● **DESCRIPTION OF THE TASK**
Your task is to repeat exactly the lines below between the line holding "La producción de" and the line holding "es una práctica", inclusive, and only those.

● **DATA**
────────────────────────────────────────

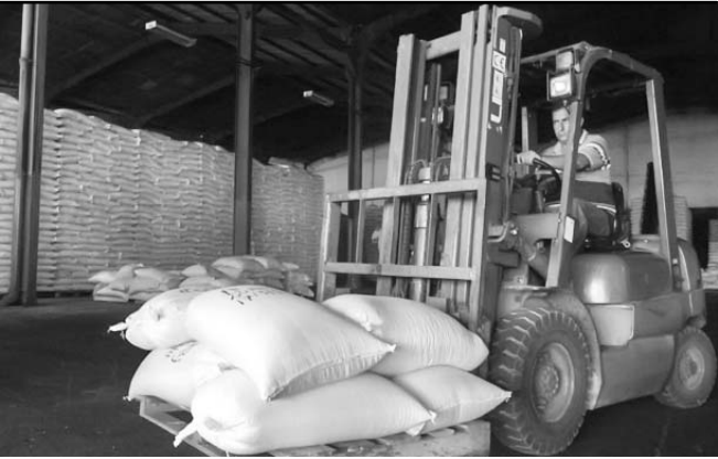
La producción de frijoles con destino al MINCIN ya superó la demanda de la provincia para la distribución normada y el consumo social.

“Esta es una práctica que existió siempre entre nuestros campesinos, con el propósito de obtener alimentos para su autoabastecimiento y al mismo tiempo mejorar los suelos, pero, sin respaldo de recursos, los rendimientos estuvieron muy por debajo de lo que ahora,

────────────────────────────────────────

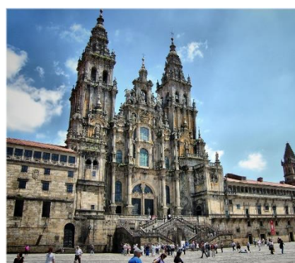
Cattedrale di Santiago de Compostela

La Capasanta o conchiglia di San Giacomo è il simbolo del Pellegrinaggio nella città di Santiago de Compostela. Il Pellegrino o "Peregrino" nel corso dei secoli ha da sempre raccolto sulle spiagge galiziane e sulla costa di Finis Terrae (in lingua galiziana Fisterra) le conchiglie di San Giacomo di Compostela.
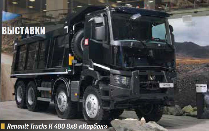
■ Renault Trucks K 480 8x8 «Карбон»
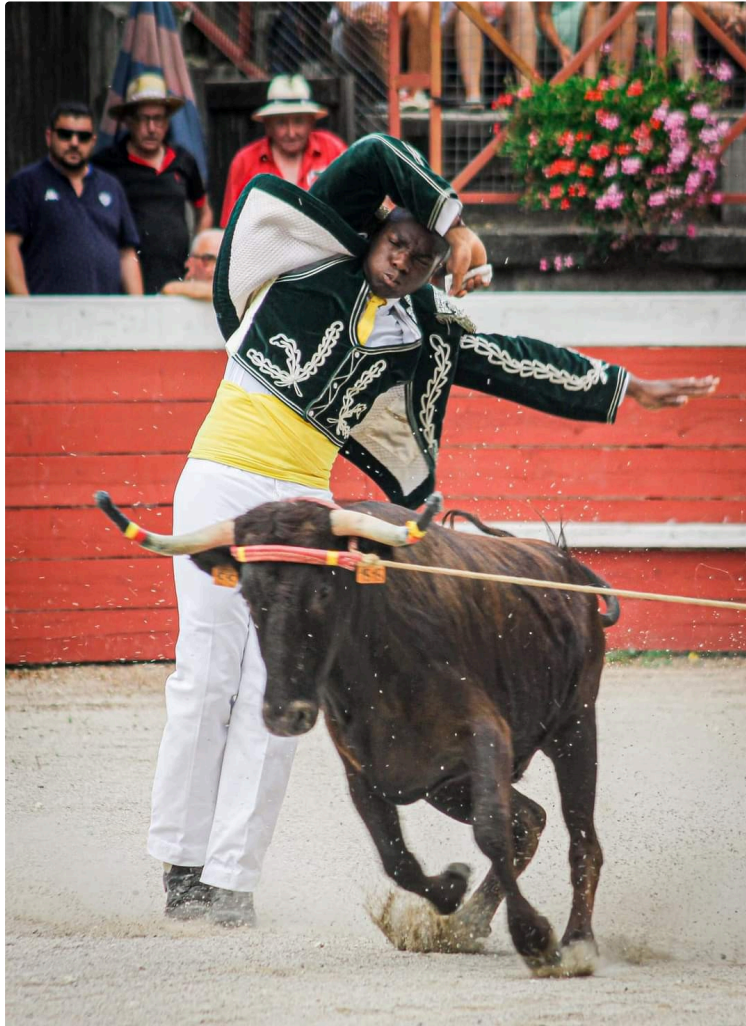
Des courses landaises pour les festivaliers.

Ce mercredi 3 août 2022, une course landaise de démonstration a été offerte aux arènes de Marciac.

────────────────────────────────────────

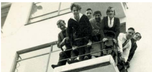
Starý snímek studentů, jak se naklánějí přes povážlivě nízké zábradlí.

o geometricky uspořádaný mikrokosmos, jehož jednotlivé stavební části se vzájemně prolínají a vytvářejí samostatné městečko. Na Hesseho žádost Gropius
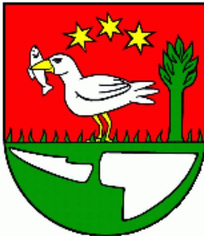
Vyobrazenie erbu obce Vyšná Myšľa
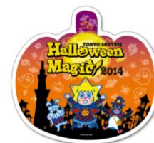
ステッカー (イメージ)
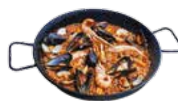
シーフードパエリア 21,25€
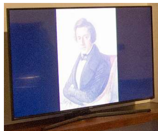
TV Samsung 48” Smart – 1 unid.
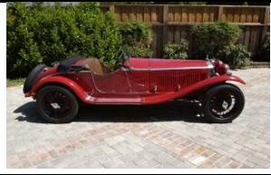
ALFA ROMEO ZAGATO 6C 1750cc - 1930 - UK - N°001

────────────────────────────────────────

● **RESULT FOR THIS EXERCISE**
La producción de frijoles con destino al MINCIN ya superó la demanda de la provincia para la distribución normada y el consumo social.

“Esta es una práctica que existió siempre entre nuestros campesinos, con el propósito de obtener alimentos para su autoabastecimiento y al mismo tiempo mejorar los suelos, pero, sin respaldo de recursos, los rendimientos estuvieron muy por debajo de lo que ahora,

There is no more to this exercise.